Thursday, April 26, 2012

Getting Over It

In my previous post, I wrote as if there were days when I am pain free which would be a big mistake for me to make. Like many of you, I hurt every day. To some degree or another, I hurt every minute of every day. It's not something I can just shrug off. God knows I've tried. As a kid, I learned my fear of being a hypochondriac. Since I had a good idea that any given day at school would be miserable, I was afraid that it was a psychosomatic illness. My self test involved the curative powers of good music. I turned on my radio and tried to dance and was only satisfied when the effort made me feel worse. Then I knew I was really sick and I wasn't conning anyone.

If you can't find the logical flaws in that process, I'll help. I suffered a long major depression and depression is a real illness with real physical symptoms. On the other hand, it doesn't provide evidence like a fever or something else useful. I should have realized that I would have known if I were conning someone. That was another lovely symptom of my mental state. I was so inherently bad and lazy that I had to doubt what my body was telling me. I needed to toughen up. I had no idea what real pain was.

Those sort of doubts persist to this day in milder forms but they exist. Sometime in March, I took a serious turn for the worse where pain levels were concerned. For once, I couldn't link the decline to weather, mood or activity. I just hurt to the point where I couldn't find adequate descriptions. When the decline reversed almost as quickly as it began, I was delighted and tried to jump back into life. My failure to do so at what I considered to be an adequate pace made me doubt myself. Am I someone who is committed to writing or just another impostor?

For some reason, I expected to be able to just get up and dust myself off after a solid month of agony. The fact was that I needed to rest physically and mentally before testing the old engine again. When I tried too soon, I was scared at the first sign of failure. I just wanted to huddle under a blanket until it stopped hurting even though I knew it wouldn't stop completely.

Really! What do I expect from myself? This wasn't something that I could just shake off like I stubbed my toe. The fact is that those of us suffering from chronic pain do have increased pain tolerance and remarkable resilience to come back day after day to face our baseline illnesses. People don't just take looks over the edge of the Abyss and get back to daily life right away. Some never make it back. I was struggling with the idea that plans I've revealed here and others I may mention when I can would be ruined by impossible pain levels.

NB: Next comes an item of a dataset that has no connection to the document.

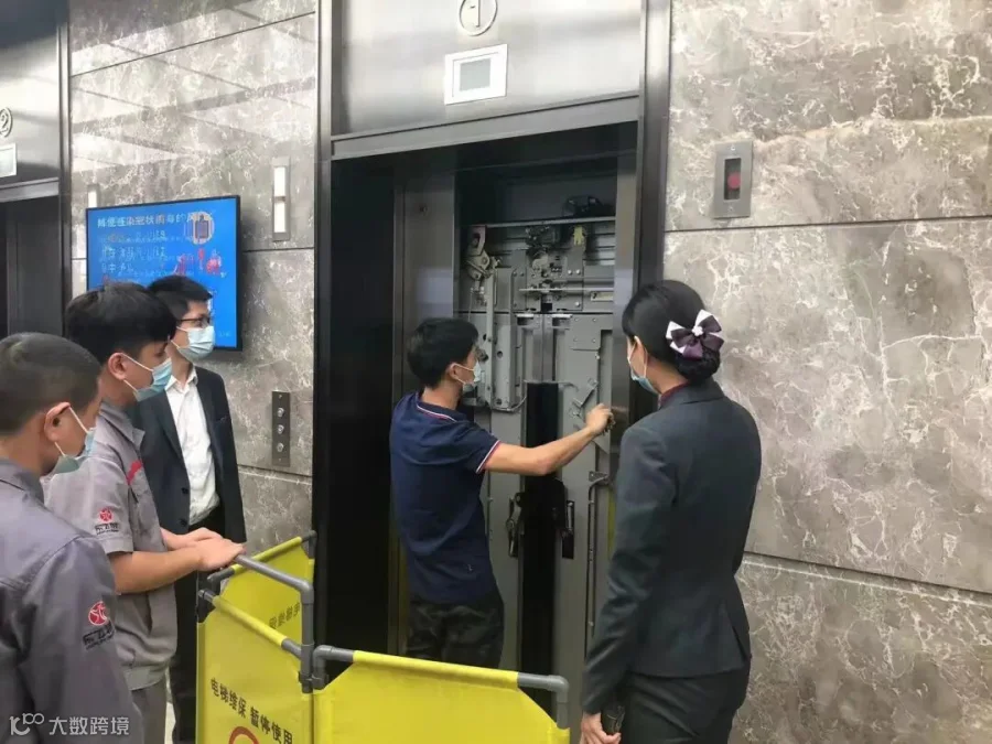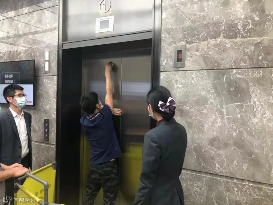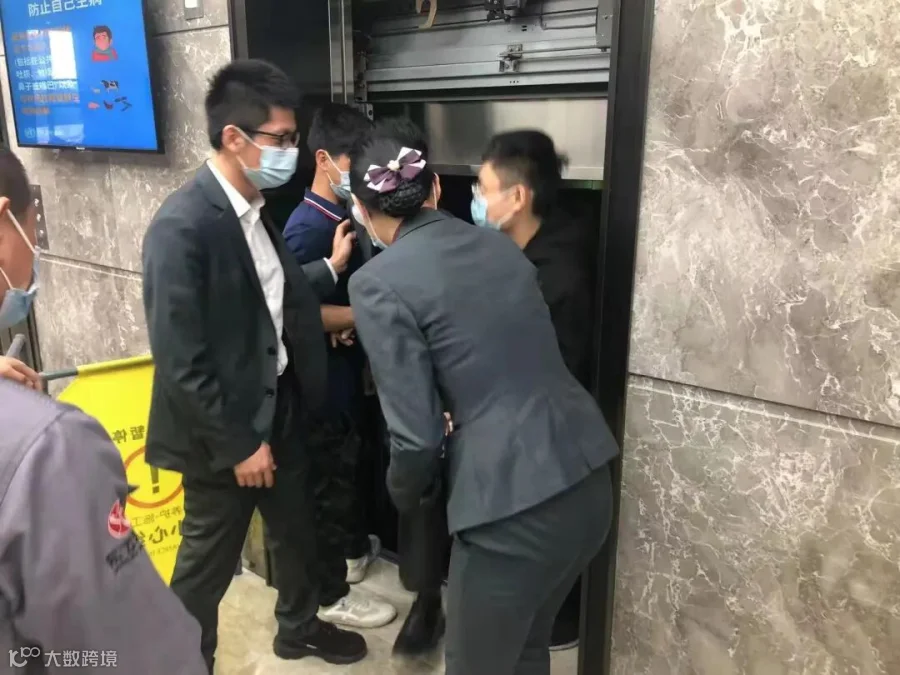 电梯维保单位人员确定困人的电梯被卡位置,并对 " 故障 " 原因进行排查。通过断电、松闸等一系列专业操作后,故障及时消除,物业工程人员顺利解救出被困人员。被困人员成功救出后,物业客服人员第一时间对“被困人员”进行安抚。同时物业工程人员详细为“被困人员”讲解电梯发生事故时的注意事项和自救措施。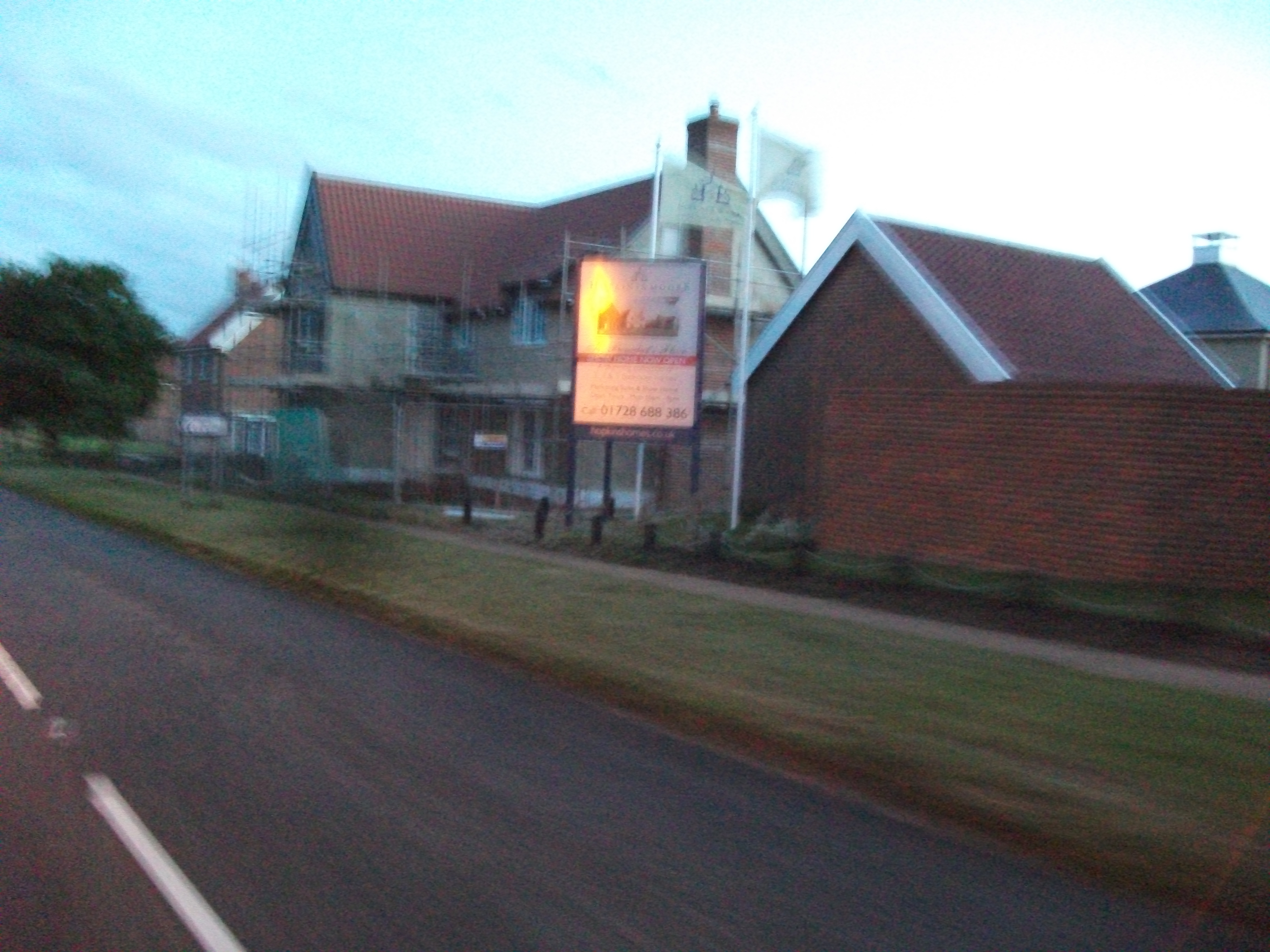 From Holbrook I pass the pretty Orwell river to my right, and circle in to Ipswich, an incongruous and unlovely place. As I circle into the town, I pass dilapidated schools and community centres next to half-built high-rises, corporate blocks clad in playskool colours. Disused churches jut against a repetition of premier express offies and threads of small suburban houses. Bungalowland. I want to stay and get down to the mystery of places like Ipswich, like Basildon, places that indicate a common pattern of English life today, but I have little time, and follow the roads out eastwards.

I'll tell you what I will do. I'll take a maximum dose of breakthrough pain meds, consider a dose of the anti-anxiety pill and enjoy the fact that I'm watching bands play live. As far as daily life goes, I'll continue to write here when I can. I've seen some evidence that I might have a regular reader or two. That means a lot to me although I'll continue to write this either way. I don't know exactly how I'll help but I'll muddle through and find a way.